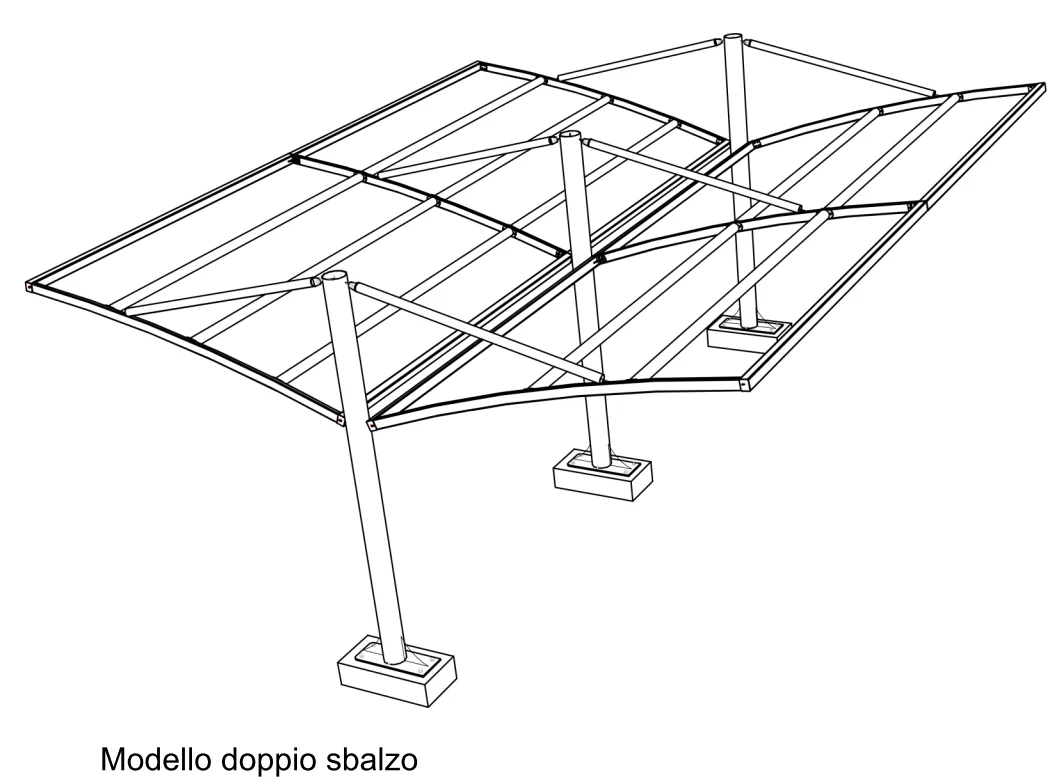 Nel caso ci fosse la necessità di coprire due file di parcheggi per auto è possibile scegliere la versione tettoie per auto modulari MX20 a doppio sbalzo o bifrontale.
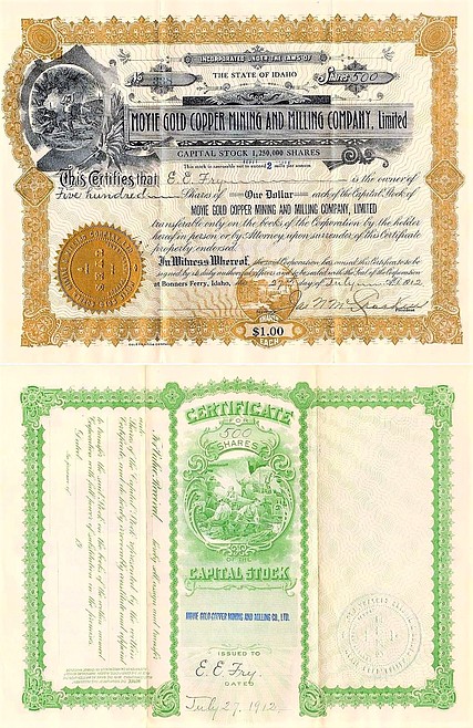 The Moyie Gold Copper Mining and Milling Company, Ltd was incorporated on Sept. 16, 1911. President Reid and Secretary-Manager Crocker, eager to have investors, sold 25,000 shares at $1 each. Dr. Ezra Esher Fry purchased 500 shares on July 27, 1912. The properties, under development for the company, were known as the Queen and Damon groups with thirteen unpatented claims.
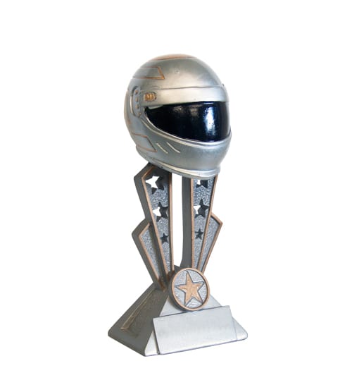 Silver motorsport helmet set on top of two decorative columns, molded from resin as one unit.
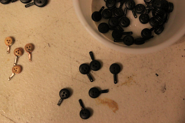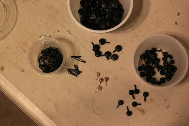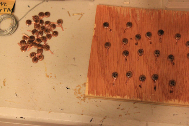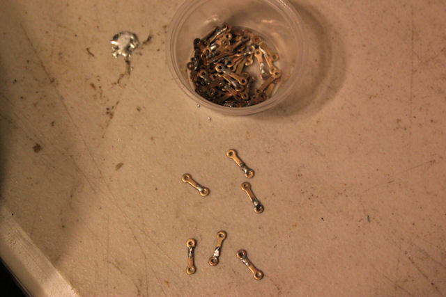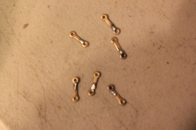 been working on deadeyes and chain. the bones had to be cut down 3/16 of an inch and resoldered, now I need to file them smooth and paint them. 'I did a simple twist of copper wire around the deadeyes, soldered them and drilled the holes by hand. The loop chain are 1/2" long and also soldered at ends and hand drilled holes. There is one more section of chain, but, it is just square stock. I am going to cut sown stick pins for the "bolts". I am also putting the rudder on and smoothing out the copper tape where it peeld back from handling.
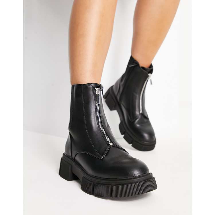 Botas Chelsea negras planas con suela gruesa y cremallera frontal Very well made.
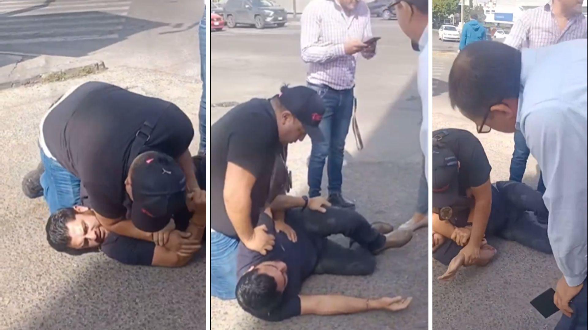 En el material gráfico compartido, correspondiente a la fecha del 16 de enero en el Boulevard Mártires del 2 de octubre, se observa cómo los agentes someten al sujeto, identificado como Javier ‘N’, mientras él pide que no lo ahorquen y asegura que no cuenta con órdenes de aprehensión en su contra.
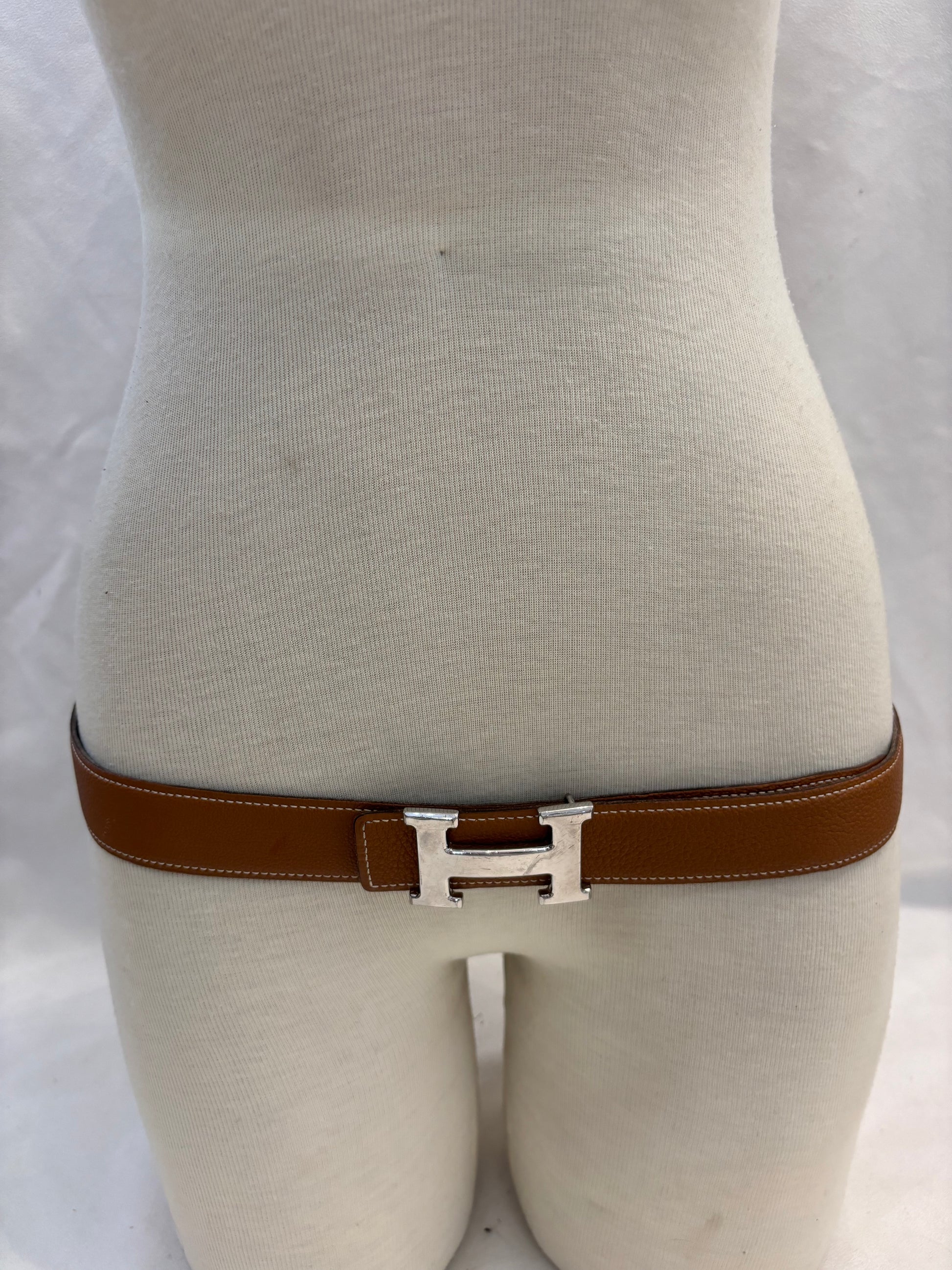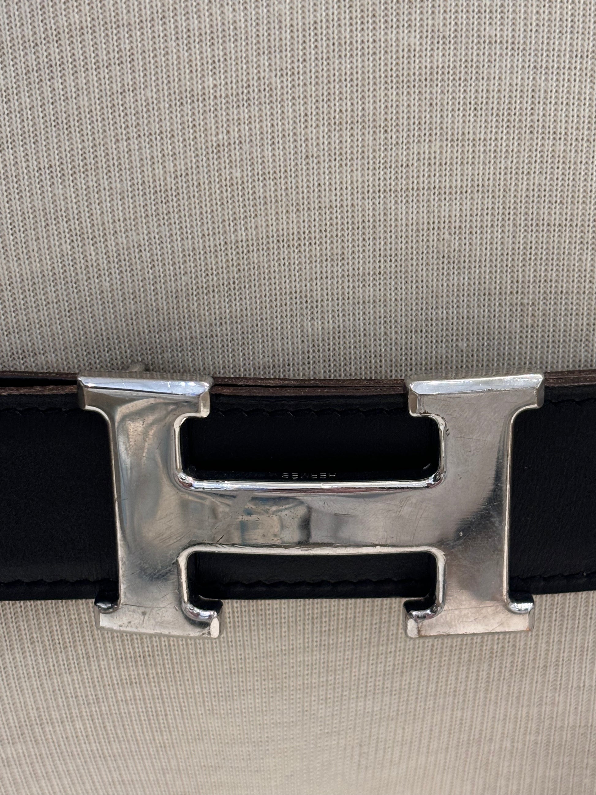 Hermes Black/Gold Reversible Belt with Silver Buckle
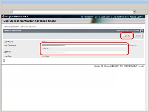 Enter the new password in [New Password] and [Confirm] → click [Update].
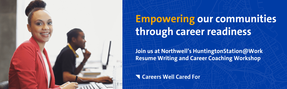 Raise your career expectations with a career well cared for at Northwell Health. We invite you to attend Northwell’s HuntingtonStation@Work Resume Writing and Career Coaching Workshop. Connect with our recruiters and explore job opportunities available at Northwell Health, from administration to registered nursing — and more.
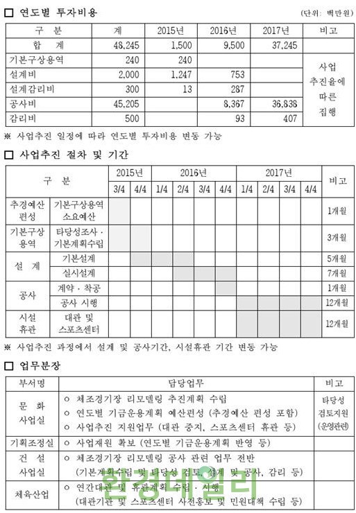 더불어민주당 노웅래 국회의원(서울 마포갑, 교육문화체육관광위원회)이 나라살림연구소(소장 정창수)와 함께 2016년 문화체육관광부 결산자료를 공동 분석한 결과에 따르면, 체조경기장 리모델링 사업은 482억원의 대규모 예산이 투입되는 사업임에도 불구하고 정부 예산 반영과 국회 예산 심의 등의 일반적인 절차를 거치지 않은 채, 기금운용계획 변경을 통해 졸속 추진된 것으로 확인됐다.
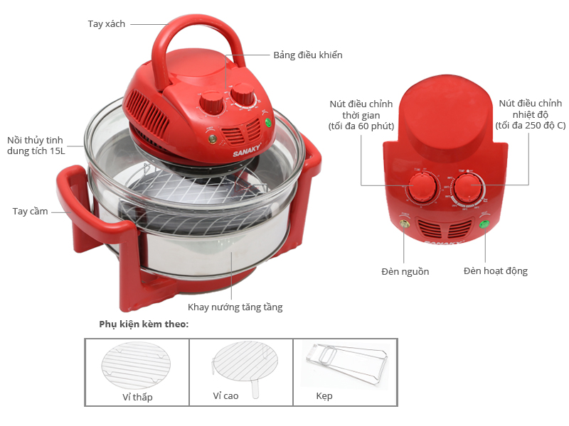 ·Nguồn điện: 220-240V/50-60Hz; ·Bộ chỉnh nhiệt độ: 00C -2500C; . Bộ định thời gian : 0'-60' ·Bộ vi mạch điều chỉnh nhiệt tự động giúp tiết kiệm điện. ·Khoang lò bằng thủy tinh chịu nhiệt

= = = = =

- Task prompt -
The line that contains "더불어민주당 노웅래 국회의원(서울" begins the part to retype, and the last line of the records above ends it. Retype both and everything between, exactly, without the pictures.

- Result for this task -
 더불어민주당 노웅래 국회의원(서울 마포갑, 교육문화체육관광위원회)이 나라살림연구소(소장 정창수)와 함께 2016년 문화체육관광부 결산자료를 공동 분석한 결과에 따르면, 체조경기장 리모델링 사업은 482억원의 대규모 예산이 투입되는 사업임에도 불구하고 정부 예산 반영과 국회 예산 심의 등의 일반적인 절차를 거치지 않은 채, 기금운용계획 변경을 통해 졸속 추진된 것으로 확인됐다.
 ·Nguồn điện: 220-240V/50-60Hz; ·Bộ chỉnh nhiệt độ: 00C -2500C; . Bộ định thời gian : 0'-60' ·Bộ vi mạch điều chỉnh nhiệt tự động giúp tiết kiệm điện. ·Khoang lò bằng thủy tinh chịu nhiệt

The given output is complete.